*** Data to examine ***

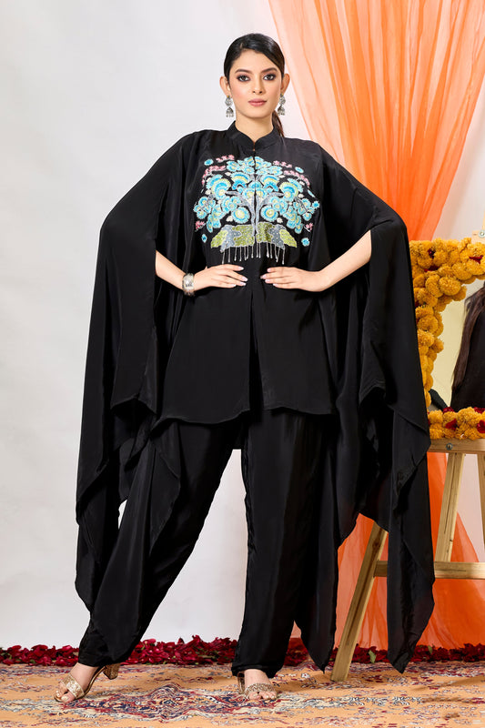 SummerFalling-Black Embroidered Banarasi Silk Cape Set
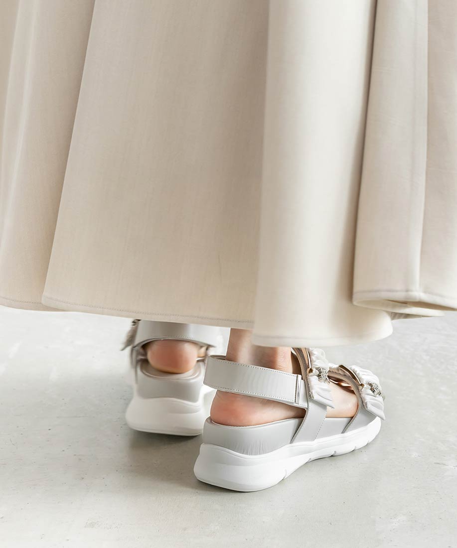 上品で女性らしいデザインがスポーティーなソールにマッチし、幅広いコーディネートに合わせやすい一足です。
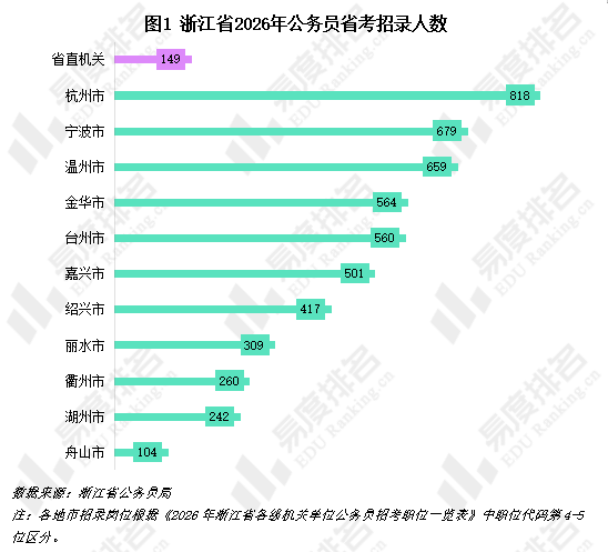 各地市公务员招录中,省会杭州市计划招录公务员人数最多,2026年计划招录818人,其次是宁波市、温州市,分别计划招录679人、659人。
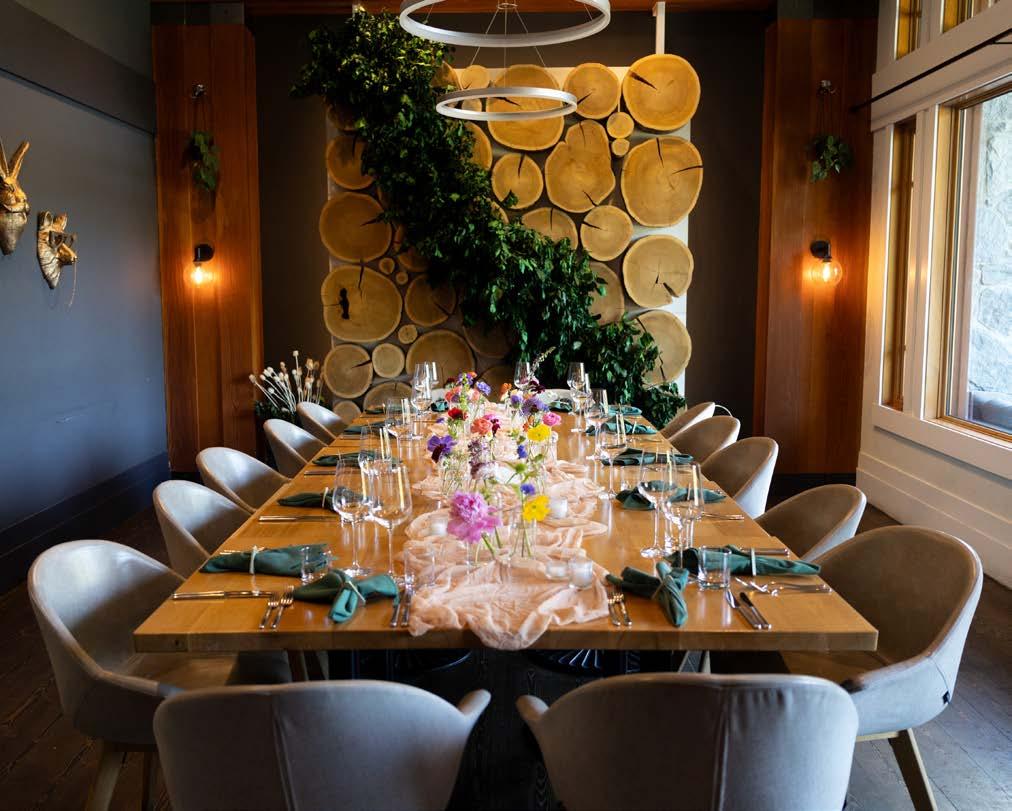 TheDen Lakeside Restaurant allows guests to experience our chefs in action with its open kitchen concept while savouring one of Whistler’s spectacular views. The space is inspired by nature. The décor features an abundance of greenery, plants, and textures. Our events manager will recommend popular room layouts accommodating up to 60 guests with existing restaurant linen-less tables and chairs. Live entertainment and dancing not permitted. Event end time is 11pm indoors.
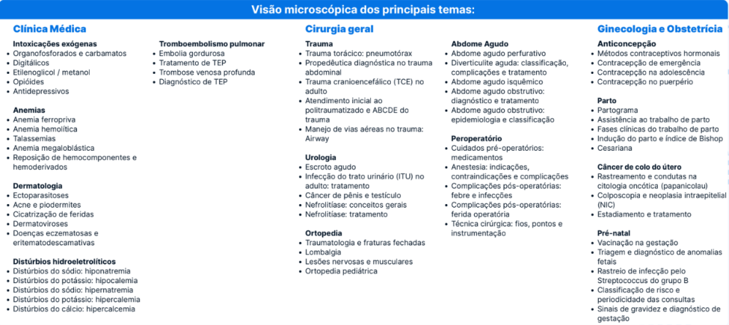 Áreas básicas de Cirurgia Geral, Clínica Médica, Medicina Preventiva e Social, Obstetrícia e Ginecologia, e Pediatria.

*** End of Data to examine ***

_Task instructions_:
Look back at the data above, then output exactly the lines from the line holding "各地市公务员招录中,省会杭州" up to and including the line holding "TheDen Lakeside Restaurant". Leave out the pictures.

_Output for this task_:
 各地市公务员招录中,省会杭州市计划招录公务员人数最多,2026年计划招录818人,其次是宁波市、温州市,分别计划招录679人、659人。
 TheDen Lakeside Restaurant allows guests to experience our chefs in action with its open kitchen concept while savouring one of Whistler’s spectacular views. The space is inspired by nature. The décor features an abundance of greenery, plants, and textures. Our events manager will recommend popular room layouts accommodating up to 60 guests with existing restaurant linen-less tables and chairs. Live entertainment and dancing not permitted. Event end time is 11pm indoors.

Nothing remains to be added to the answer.